* _Work instruction_
Below are records with pictures; copy word for word only the lines between the line with "中新网桂林1月5日电 (邓竣" and the line with "President Obama meets", inclusive, and drop the pictures.

* _Data supplied_
##########
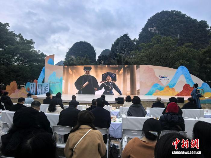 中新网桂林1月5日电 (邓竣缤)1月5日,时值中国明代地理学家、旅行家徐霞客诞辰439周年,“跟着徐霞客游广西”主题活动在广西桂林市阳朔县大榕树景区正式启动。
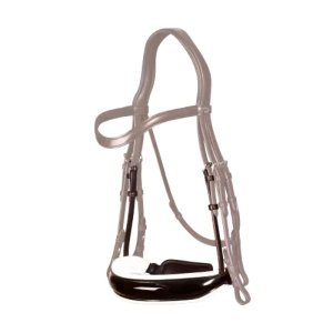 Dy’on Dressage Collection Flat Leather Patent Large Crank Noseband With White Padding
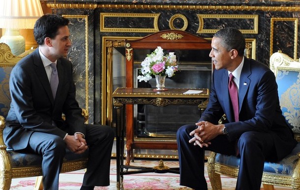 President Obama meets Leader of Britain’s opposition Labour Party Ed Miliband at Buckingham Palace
##########
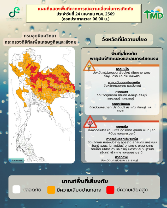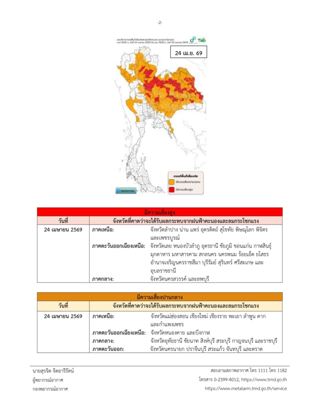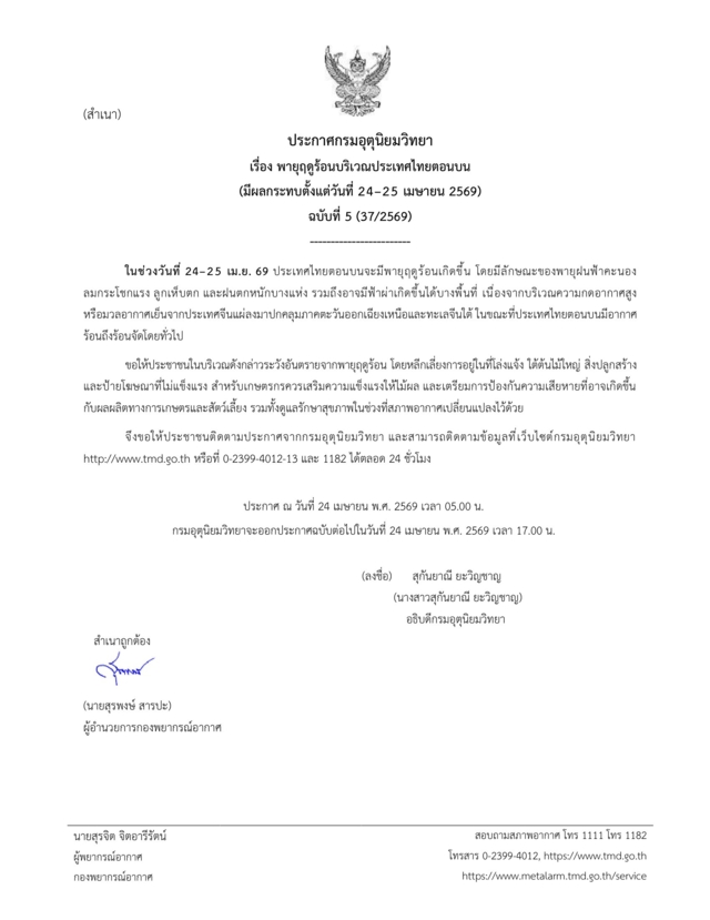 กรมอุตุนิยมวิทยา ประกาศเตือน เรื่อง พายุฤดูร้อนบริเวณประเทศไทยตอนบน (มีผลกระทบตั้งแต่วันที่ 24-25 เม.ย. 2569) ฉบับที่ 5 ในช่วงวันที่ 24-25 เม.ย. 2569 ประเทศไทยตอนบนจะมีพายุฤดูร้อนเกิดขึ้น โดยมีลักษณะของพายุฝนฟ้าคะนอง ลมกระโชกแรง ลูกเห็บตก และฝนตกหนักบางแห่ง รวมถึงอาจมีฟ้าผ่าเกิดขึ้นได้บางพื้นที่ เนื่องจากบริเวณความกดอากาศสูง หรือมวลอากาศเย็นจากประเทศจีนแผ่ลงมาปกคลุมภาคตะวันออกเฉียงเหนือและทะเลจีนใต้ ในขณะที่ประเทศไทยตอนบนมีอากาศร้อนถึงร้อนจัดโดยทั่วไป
##########
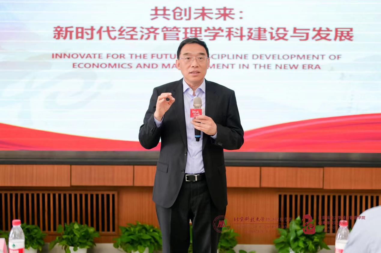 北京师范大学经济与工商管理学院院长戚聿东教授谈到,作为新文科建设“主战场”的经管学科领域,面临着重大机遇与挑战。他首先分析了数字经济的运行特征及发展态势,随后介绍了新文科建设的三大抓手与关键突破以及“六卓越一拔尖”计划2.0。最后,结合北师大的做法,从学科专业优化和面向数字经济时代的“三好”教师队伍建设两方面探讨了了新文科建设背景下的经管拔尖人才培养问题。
##########
* _Written response_
 中新网桂林1月5日电 (邓竣缤)1月5日,时值中国明代地理学家、旅行家徐霞客诞辰439周年,“跟着徐霞客游广西”主题活动在广西桂林市阳朔县大榕树景区正式启动。
 Dy’on Dressage Collection Flat Leather Patent Large Crank Noseband With White Padding
 President Obama meets Leader of Britain’s opposition Labour Party Ed Miliband at Buckingham Palace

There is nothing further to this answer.